## Directions
Beneath this line sits some data. Return only its lines from the one holding "In the event that an" through the one holding "The Never Fully", inclusive, exactly, with the images removed.

## Source data
= Beginning of Section =
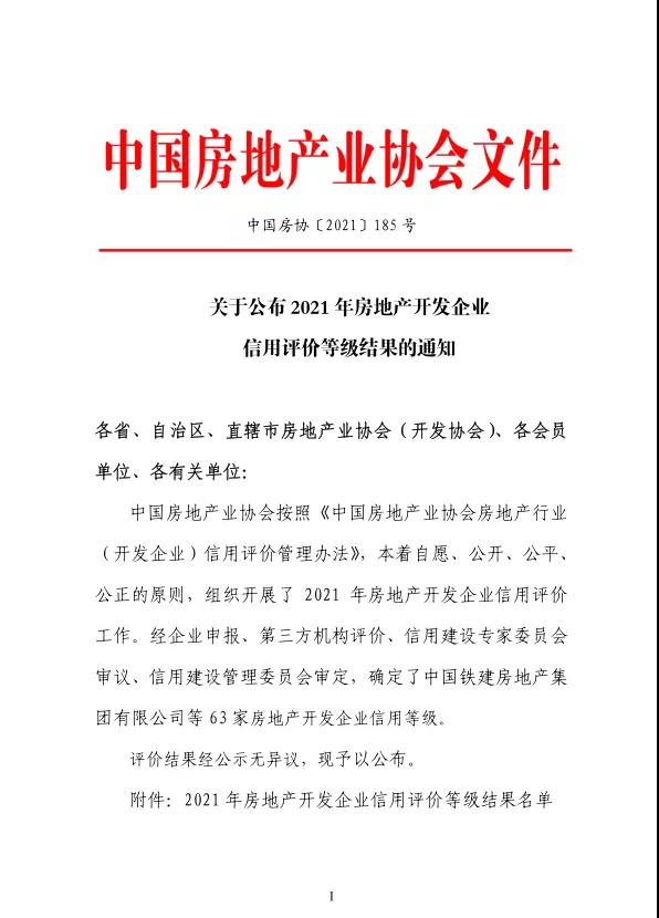 12月29日,中國房地產業協會公布2021年信用等級AAA房地產開發企業名單,我會會員單位中建信和地產有限公司、湖南澳海房地產開發有限公司、湖南中建信和智慧谷置業有限公司獲得“2021年信用等級AAA級房地產開發企業”評價。
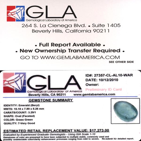 In the event that an item is listed as having an "Appraisal Estimate", this represents WAR's in-house estimate of what the item would appraise for at Gem Labs of America (GLA), Beverly Hills, CA. Actual appraisal of the item at GLA is the responsibility of the Bidder, however WAR may assist, at its discretion, in related logistics. WAR does provide the following guaranty (the "WAR 5% Loose Gem Guaranty") relative to Appraisal Estimate values of LOOSE GEMS: In the event that the GLA appraised value is not such an amount that the Bidder's winning bid is five percent (5%) or less of the GLA appraised value, then WAR, in it's discretion, will either refund such amount of the Bidder's winning bid and related charges so that the winning bid equals five percent (5%) of the GLA appraised value, or, instead issue a full refund on the item and reimburse the Bidder for the GLA appraisal fees. The Bidder may also opt to retain the item, in which case the WAR 5% Gem Guaranty shall not apply relative to the particular item.
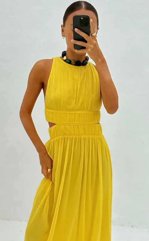The Never Fully Dressed Yellow Chiffon Maxi Dress is ideal for beach, party, evening, wedding-guest.
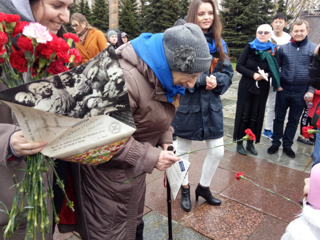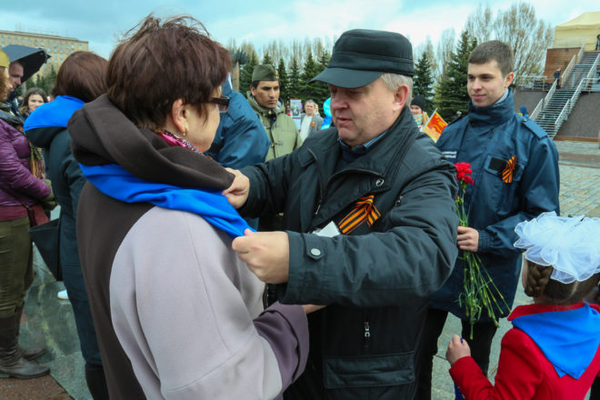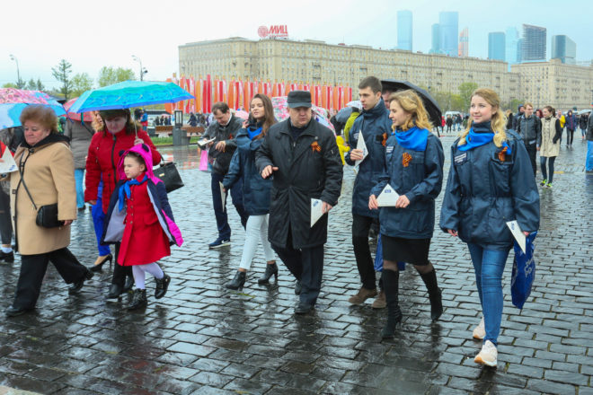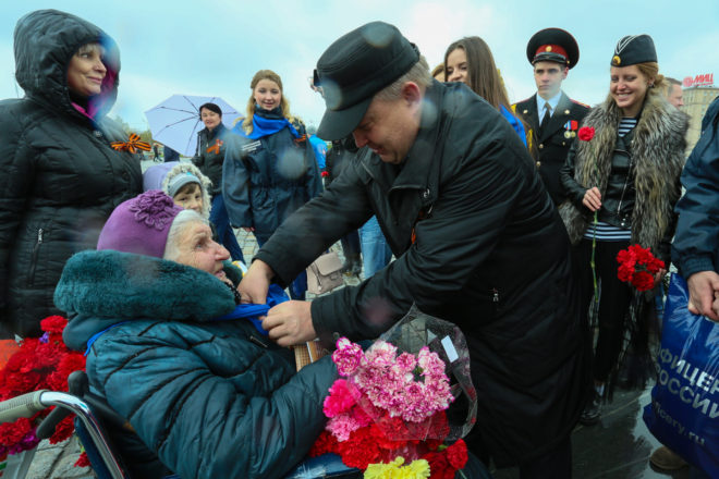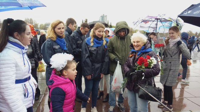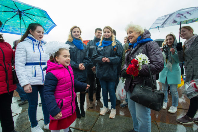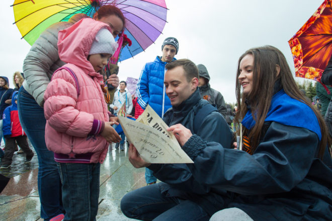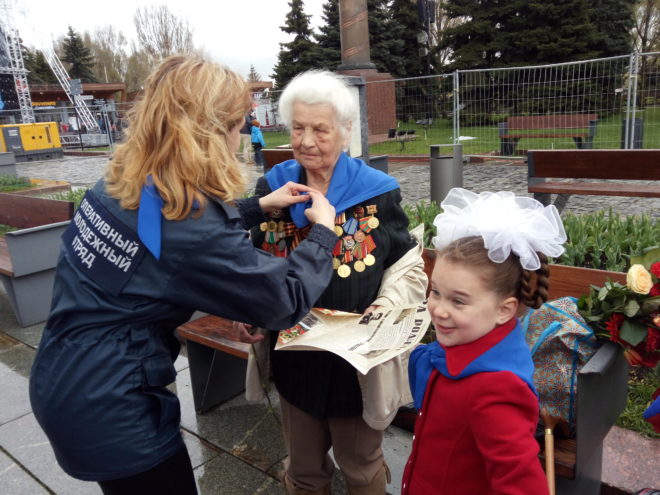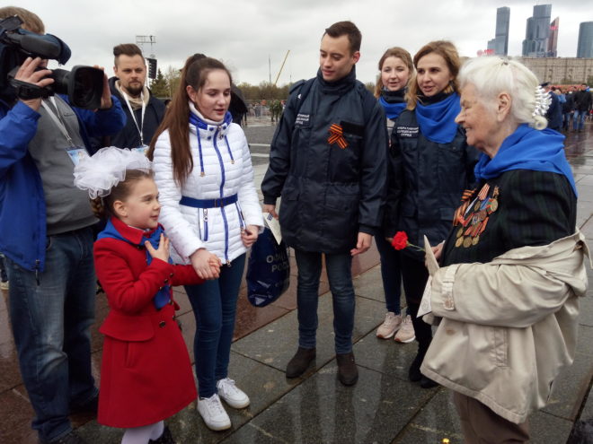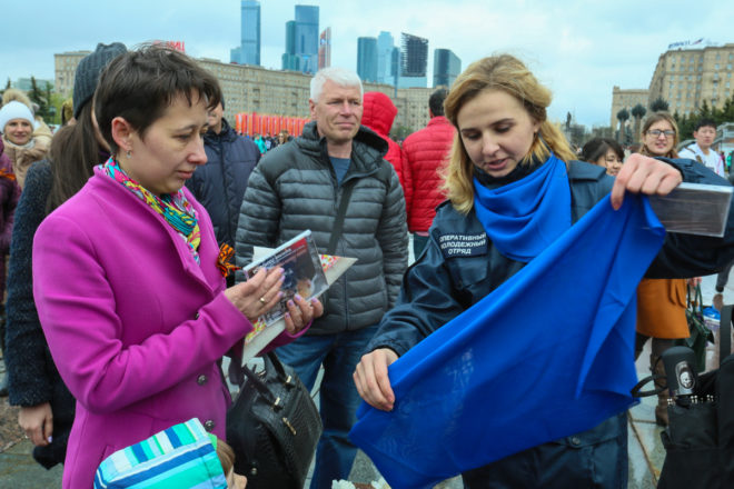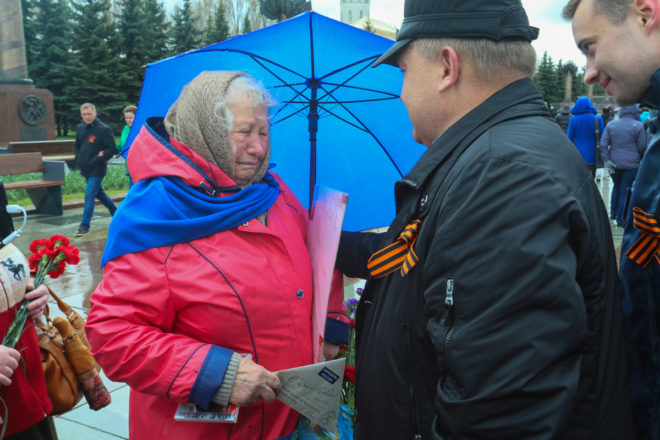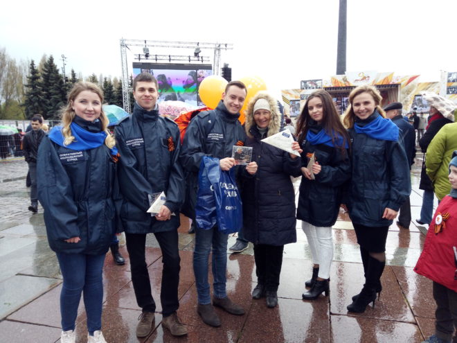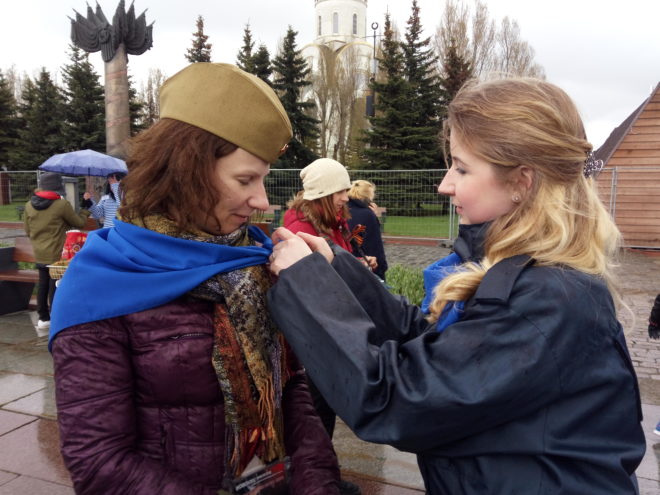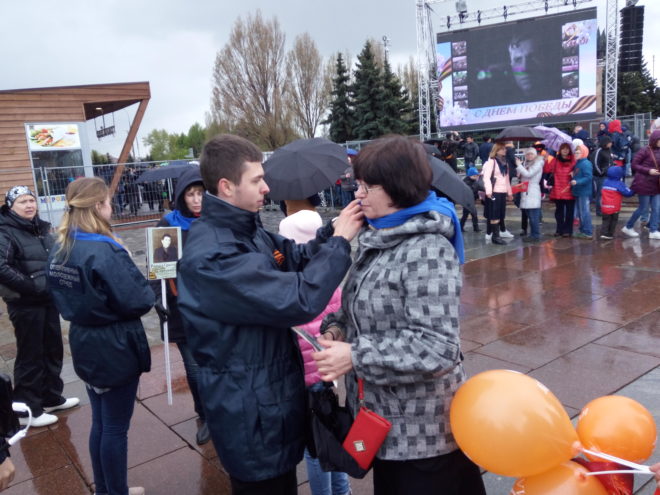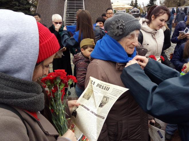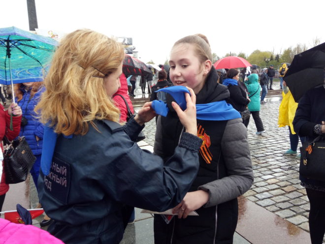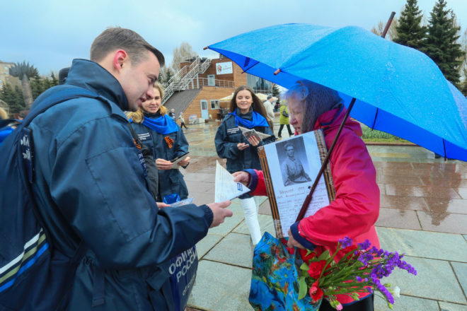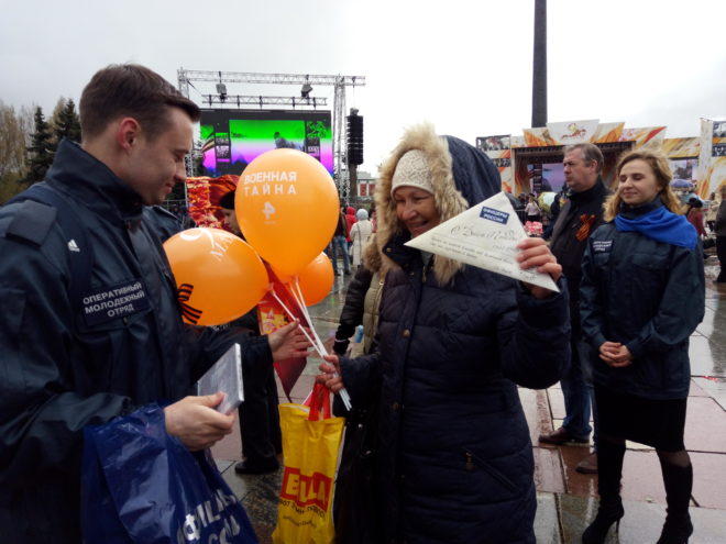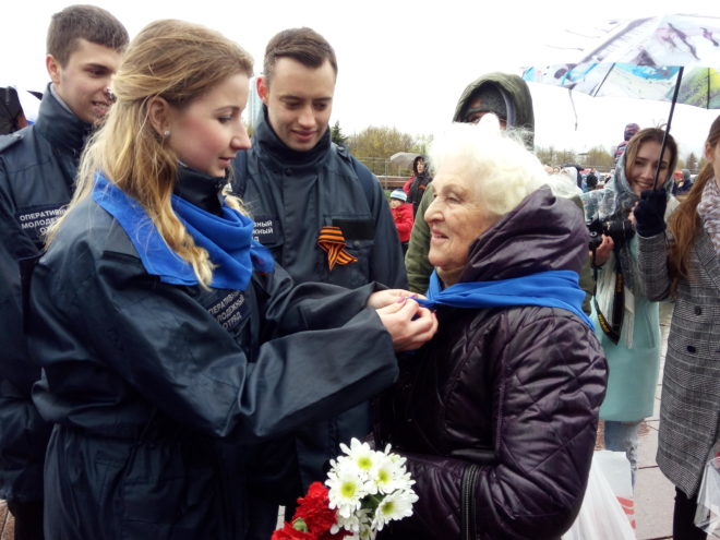 9 мая на Поклонной горе в столице активисты регионального отделения «ОФИЦЕРЫ РОССИИ» в Москве и члены Оперативного молодежного отряда провели акцию «Синий платочек». Стилизованные письма-треугольники с синим платочком внутри конверта, в первую очередь, были вручены женщинам – ветеранам Великой Отечественной войны, труженикам тыла, детям войны, а также девушкам, которые пришли в этот день на это святое место столицы отдать дань памяти тем, кто защитил страну от фашизма.
= End of Section =
## Result below
 In the event that an item is listed as having an "Appraisal Estimate", this represents WAR's in-house estimate of what the item would appraise for at Gem Labs of America (GLA), Beverly Hills, CA. Actual appraisal of the item at GLA is the responsibility of the Bidder, however WAR may assist, at its discretion, in related logistics. WAR does provide the following guaranty (the "WAR 5% Loose Gem Guaranty") relative to Appraisal Estimate values of LOOSE GEMS: In the event that the GLA appraised value is not such an amount that the Bidder's winning bid is five percent (5%) or less of the GLA appraised value, then WAR, in it's discretion, will either refund such amount of the Bidder's winning bid and related charges so that the winning bid equals five percent (5%) of the GLA appraised value, or, instead issue a full refund on the item and reimburse the Bidder for the GLA appraisal fees. The Bidder may also opt to retain the item, in which case the WAR 5% Gem Guaranty shall not apply relative to the particular item.
The Never Fully Dressed Yellow Chiffon Maxi Dress is ideal for beach, party, evening, wedding-guest.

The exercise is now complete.